▶ _What to produce_
From the records below, please print only the lines from the one containing "2020年5月8日我校第一批" through the one containing "Шест минути по-късно", both included. Skip the pictures.

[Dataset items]

= Beginning of Section =

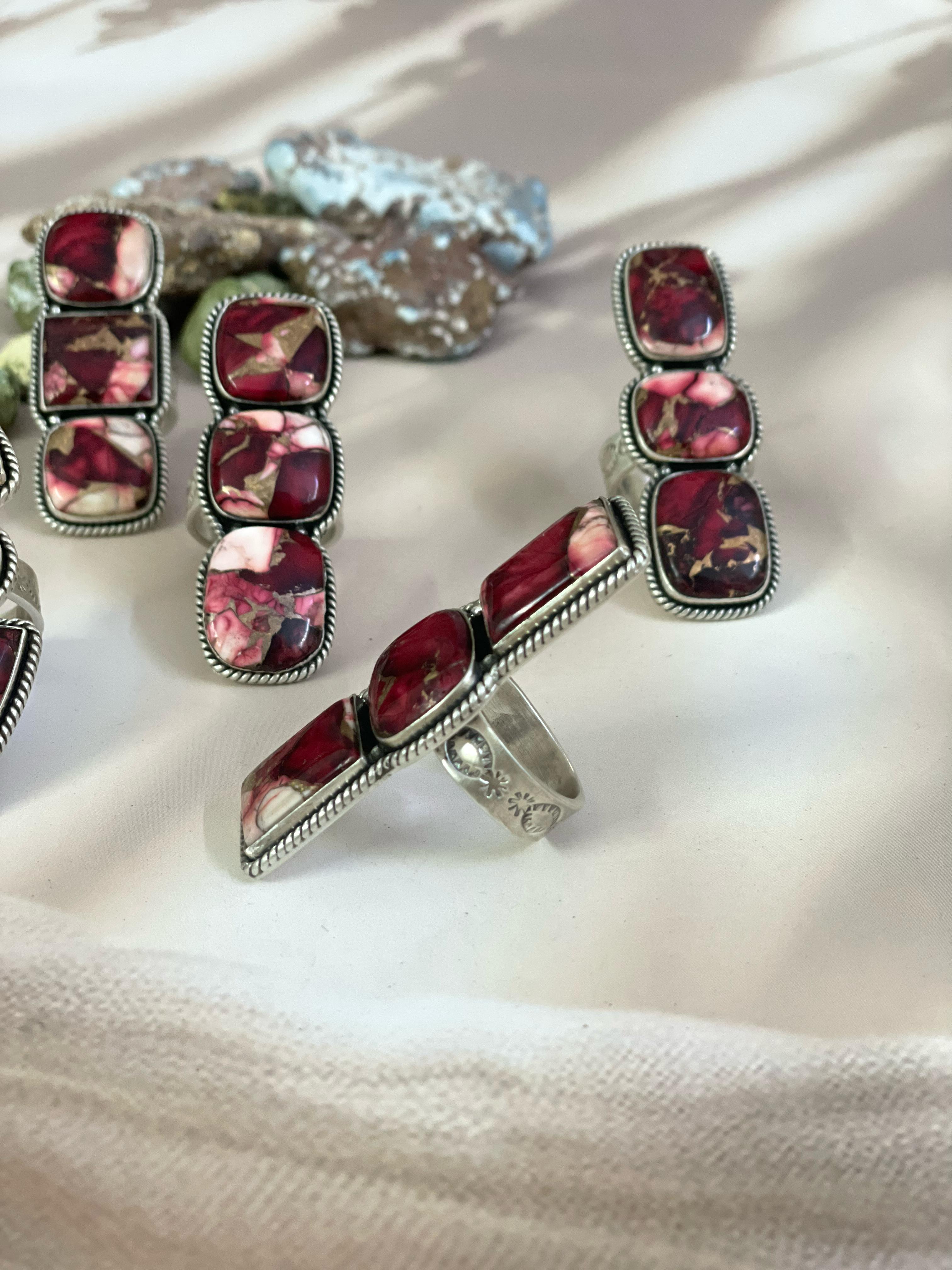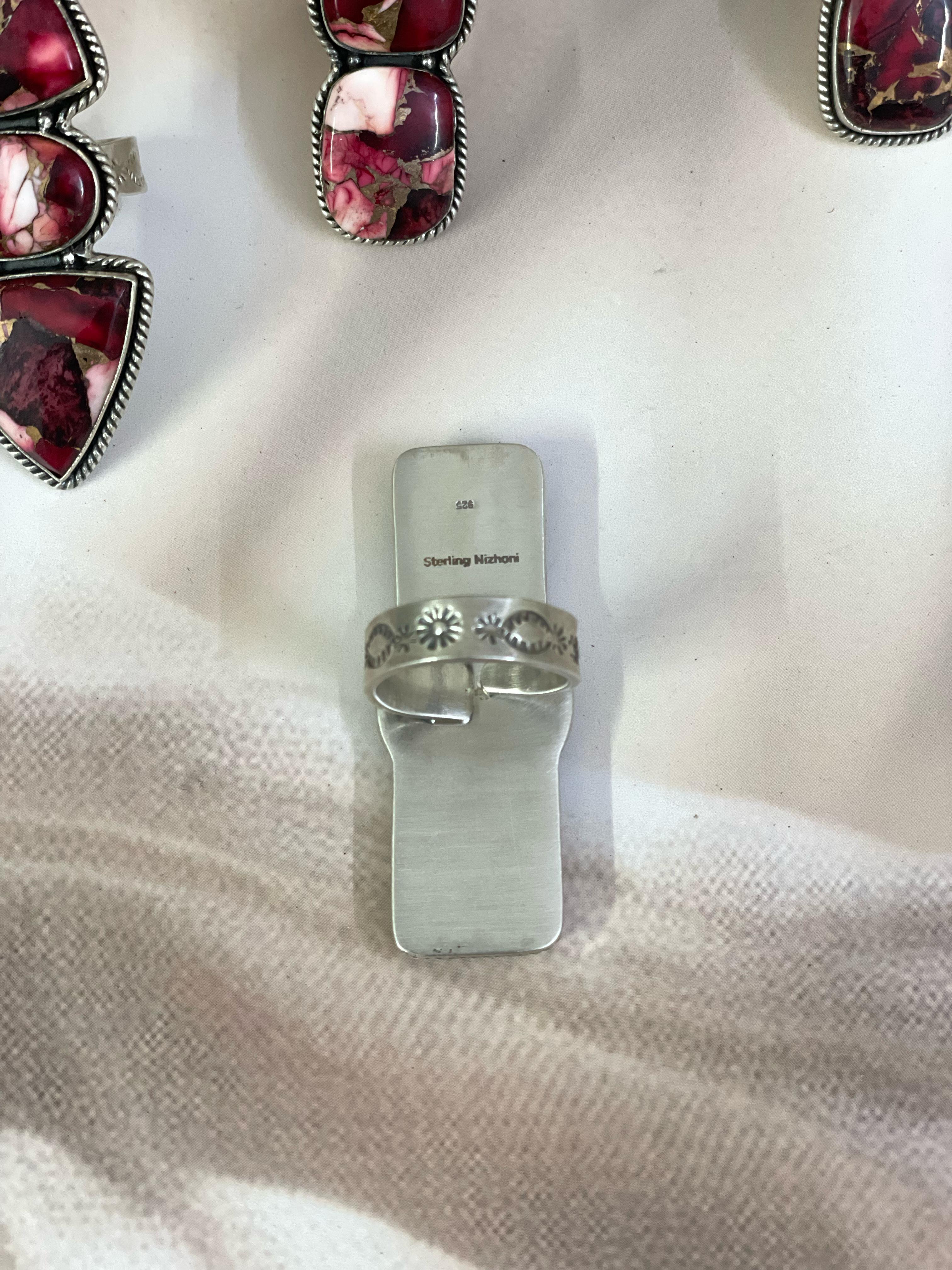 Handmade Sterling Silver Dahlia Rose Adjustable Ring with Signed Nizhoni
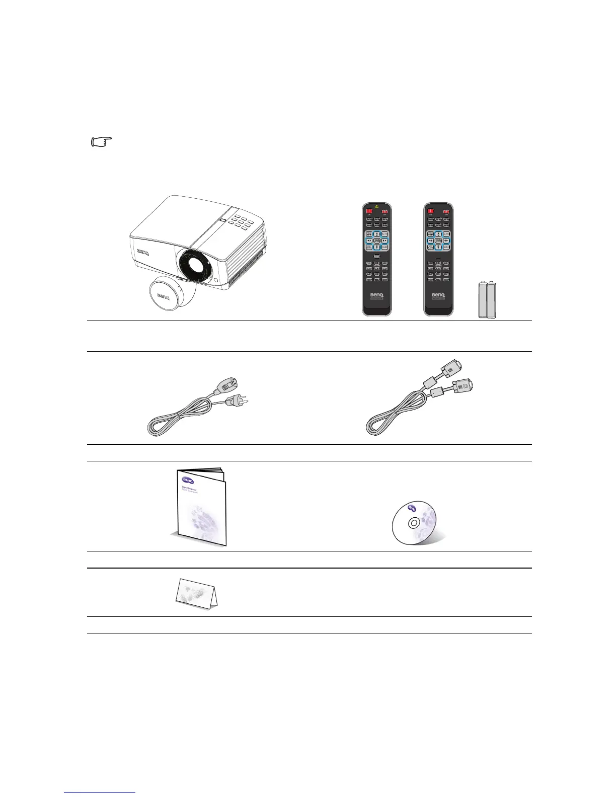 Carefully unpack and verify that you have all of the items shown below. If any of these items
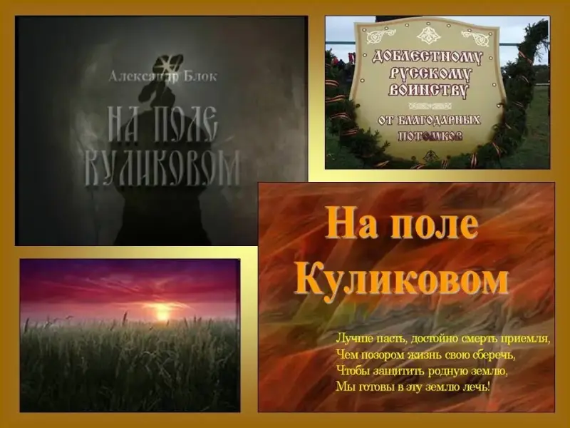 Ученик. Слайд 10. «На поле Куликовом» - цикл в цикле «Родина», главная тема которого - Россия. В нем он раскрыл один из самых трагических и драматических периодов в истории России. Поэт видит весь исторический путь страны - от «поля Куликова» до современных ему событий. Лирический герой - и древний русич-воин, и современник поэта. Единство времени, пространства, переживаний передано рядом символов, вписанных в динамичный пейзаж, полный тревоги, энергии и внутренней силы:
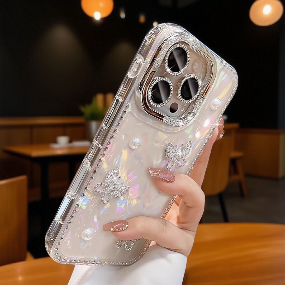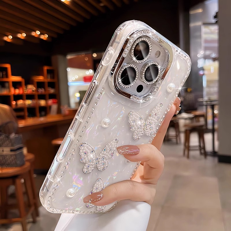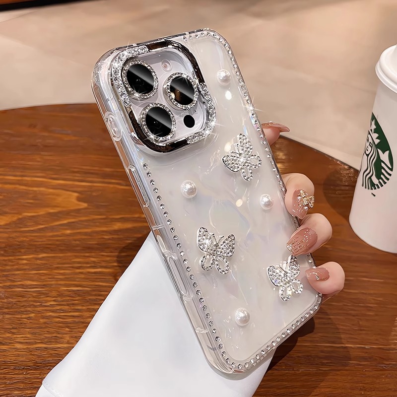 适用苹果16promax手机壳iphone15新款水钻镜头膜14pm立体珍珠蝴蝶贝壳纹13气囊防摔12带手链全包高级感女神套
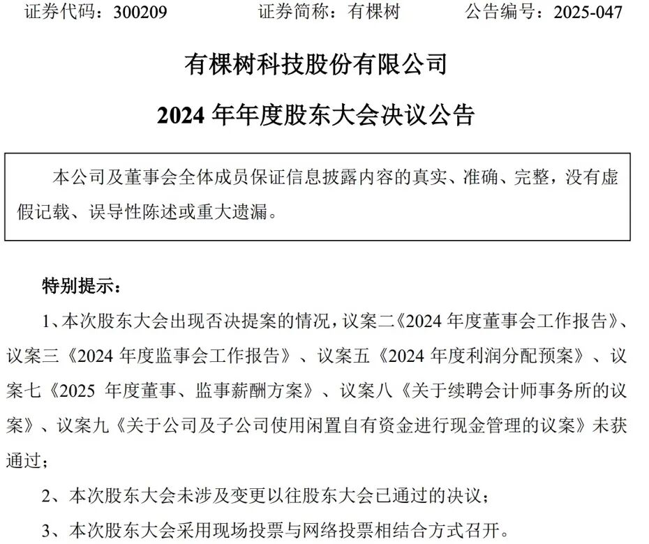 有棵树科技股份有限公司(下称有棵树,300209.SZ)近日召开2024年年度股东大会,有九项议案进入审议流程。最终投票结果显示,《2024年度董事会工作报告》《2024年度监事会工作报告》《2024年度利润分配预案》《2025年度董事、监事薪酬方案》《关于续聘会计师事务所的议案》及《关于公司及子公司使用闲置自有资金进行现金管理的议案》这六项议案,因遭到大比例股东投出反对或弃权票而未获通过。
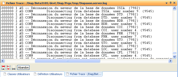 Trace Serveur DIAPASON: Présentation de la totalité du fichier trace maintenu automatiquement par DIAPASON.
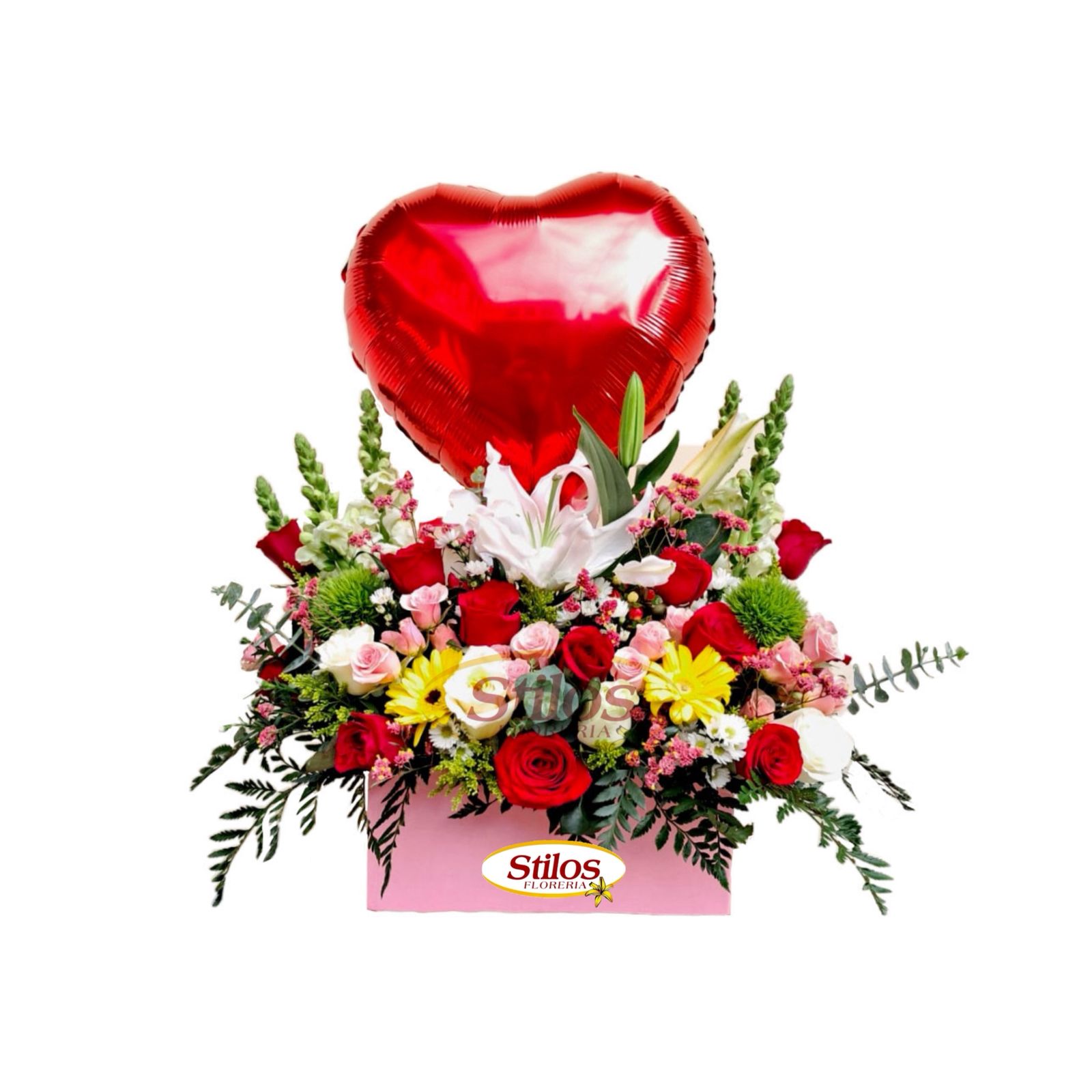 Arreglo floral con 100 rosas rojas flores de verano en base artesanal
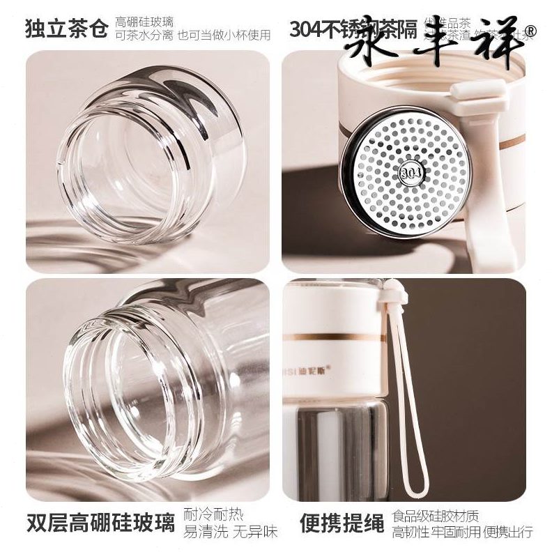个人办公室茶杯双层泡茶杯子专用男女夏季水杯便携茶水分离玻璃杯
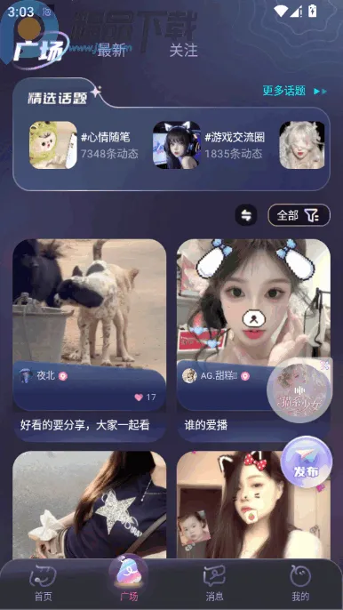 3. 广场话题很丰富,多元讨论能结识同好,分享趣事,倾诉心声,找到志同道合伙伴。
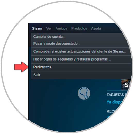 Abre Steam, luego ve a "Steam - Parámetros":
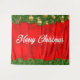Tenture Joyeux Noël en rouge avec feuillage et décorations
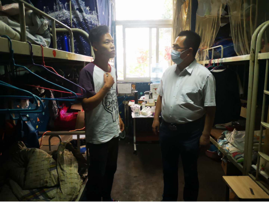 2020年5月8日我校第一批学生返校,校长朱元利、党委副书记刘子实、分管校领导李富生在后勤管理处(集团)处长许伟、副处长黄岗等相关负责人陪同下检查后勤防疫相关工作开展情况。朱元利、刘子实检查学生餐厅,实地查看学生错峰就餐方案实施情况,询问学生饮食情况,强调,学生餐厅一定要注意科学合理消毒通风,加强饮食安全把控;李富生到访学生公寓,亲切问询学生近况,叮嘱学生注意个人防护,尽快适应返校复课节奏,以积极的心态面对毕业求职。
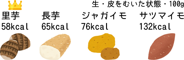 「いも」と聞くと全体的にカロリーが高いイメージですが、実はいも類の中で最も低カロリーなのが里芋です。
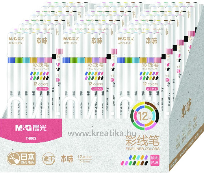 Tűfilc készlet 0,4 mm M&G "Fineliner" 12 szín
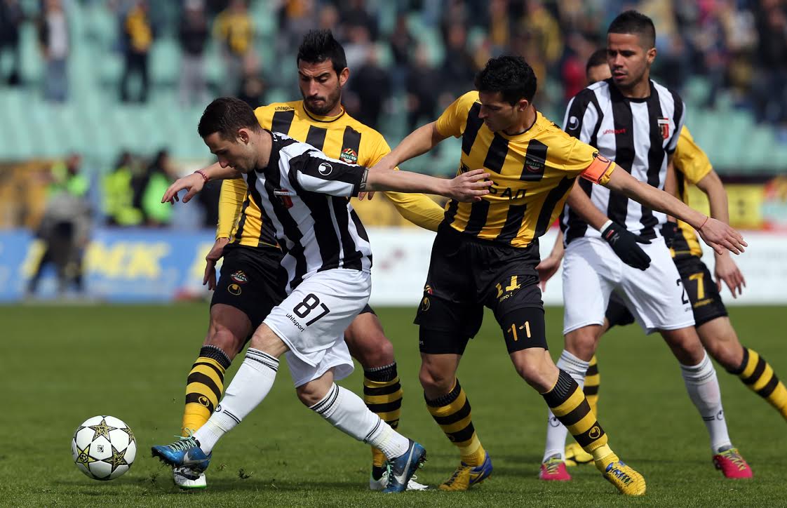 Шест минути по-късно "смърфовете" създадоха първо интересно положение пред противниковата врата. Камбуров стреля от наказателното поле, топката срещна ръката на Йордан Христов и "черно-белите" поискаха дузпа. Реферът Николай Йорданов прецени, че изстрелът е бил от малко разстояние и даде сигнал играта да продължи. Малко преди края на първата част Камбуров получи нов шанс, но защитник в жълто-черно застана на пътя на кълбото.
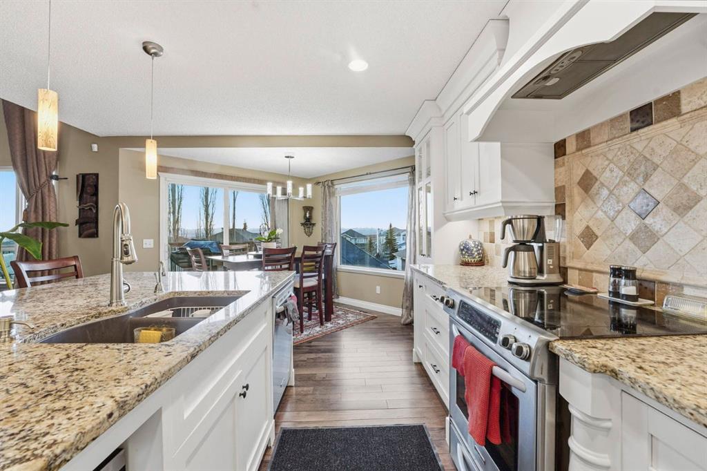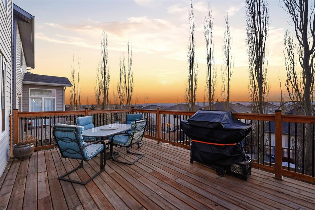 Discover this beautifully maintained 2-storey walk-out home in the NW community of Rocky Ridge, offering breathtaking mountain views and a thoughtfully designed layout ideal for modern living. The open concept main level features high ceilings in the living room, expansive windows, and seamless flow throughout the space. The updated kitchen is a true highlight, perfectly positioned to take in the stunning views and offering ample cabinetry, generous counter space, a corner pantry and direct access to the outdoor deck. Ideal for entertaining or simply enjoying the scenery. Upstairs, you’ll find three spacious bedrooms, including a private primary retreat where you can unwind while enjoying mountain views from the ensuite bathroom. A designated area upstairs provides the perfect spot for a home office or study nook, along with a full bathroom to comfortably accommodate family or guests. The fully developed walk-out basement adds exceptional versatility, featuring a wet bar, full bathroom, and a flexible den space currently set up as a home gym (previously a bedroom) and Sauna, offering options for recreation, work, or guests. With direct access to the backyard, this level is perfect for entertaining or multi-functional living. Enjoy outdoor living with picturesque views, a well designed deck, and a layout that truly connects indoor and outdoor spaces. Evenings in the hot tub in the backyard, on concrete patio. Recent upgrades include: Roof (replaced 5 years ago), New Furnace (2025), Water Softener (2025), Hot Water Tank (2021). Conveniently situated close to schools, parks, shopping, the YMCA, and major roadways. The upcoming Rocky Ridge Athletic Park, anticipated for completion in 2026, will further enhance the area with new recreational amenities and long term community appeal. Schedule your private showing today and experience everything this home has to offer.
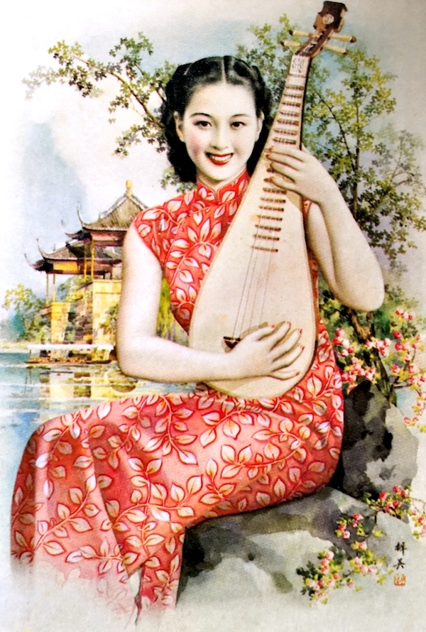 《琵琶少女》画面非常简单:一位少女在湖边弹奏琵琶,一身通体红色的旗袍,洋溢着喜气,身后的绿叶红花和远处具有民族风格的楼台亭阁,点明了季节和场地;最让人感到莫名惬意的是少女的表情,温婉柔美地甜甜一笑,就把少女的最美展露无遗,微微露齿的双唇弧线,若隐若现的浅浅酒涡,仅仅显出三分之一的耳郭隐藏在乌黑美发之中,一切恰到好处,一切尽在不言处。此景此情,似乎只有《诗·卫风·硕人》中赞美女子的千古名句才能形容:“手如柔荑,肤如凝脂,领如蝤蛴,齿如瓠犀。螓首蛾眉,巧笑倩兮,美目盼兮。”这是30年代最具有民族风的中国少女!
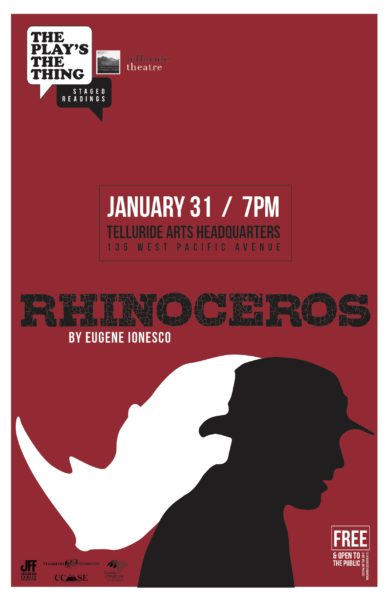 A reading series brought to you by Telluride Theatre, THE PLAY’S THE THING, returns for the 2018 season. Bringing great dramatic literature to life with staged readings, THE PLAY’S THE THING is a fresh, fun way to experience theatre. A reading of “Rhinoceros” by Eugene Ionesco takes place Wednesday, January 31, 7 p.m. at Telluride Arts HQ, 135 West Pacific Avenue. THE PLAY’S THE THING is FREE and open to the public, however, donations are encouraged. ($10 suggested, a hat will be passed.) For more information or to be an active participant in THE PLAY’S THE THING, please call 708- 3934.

= End of Section =

▶ _Exercise result_
 2020年5月8日我校第一批学生返校,校长朱元利、党委副书记刘子实、分管校领导李富生在后勤管理处(集团)处长许伟、副处长黄岗等相关负责人陪同下检查后勤防疫相关工作开展情况。朱元利、刘子实检查学生餐厅,实地查看学生错峰就餐方案实施情况,询问学生饮食情况,强调,学生餐厅一定要注意科学合理消毒通风,加强饮食安全把控;李富生到访学生公寓,亲切问询学生近况,叮嘱学生注意个人防护,尽快适应返校复课节奏,以积极的心态面对毕业求职。
 「いも」と聞くと全体的にカロリーが高いイメージですが、実はいも類の中で最も低カロリーなのが里芋です。
 Tűfilc készlet 0,4 mm M&G "Fineliner" 12 szín
 Шест минути по-късно "смърфовете" създадоха първо интересно положение пред противниковата врата. Камбуров стреля от наказателното поле, топката срещна ръката на Йордан Христов и "черно-белите" поискаха дузпа. Реферът Николай Йорданов прецени, че изстрелът е бил от малко разстояние и даде сигнал играта да продължи. Малко преди края на първата част Камбуров получи нов шанс, но защитник в жълто-черно застана на пътя на кълбото.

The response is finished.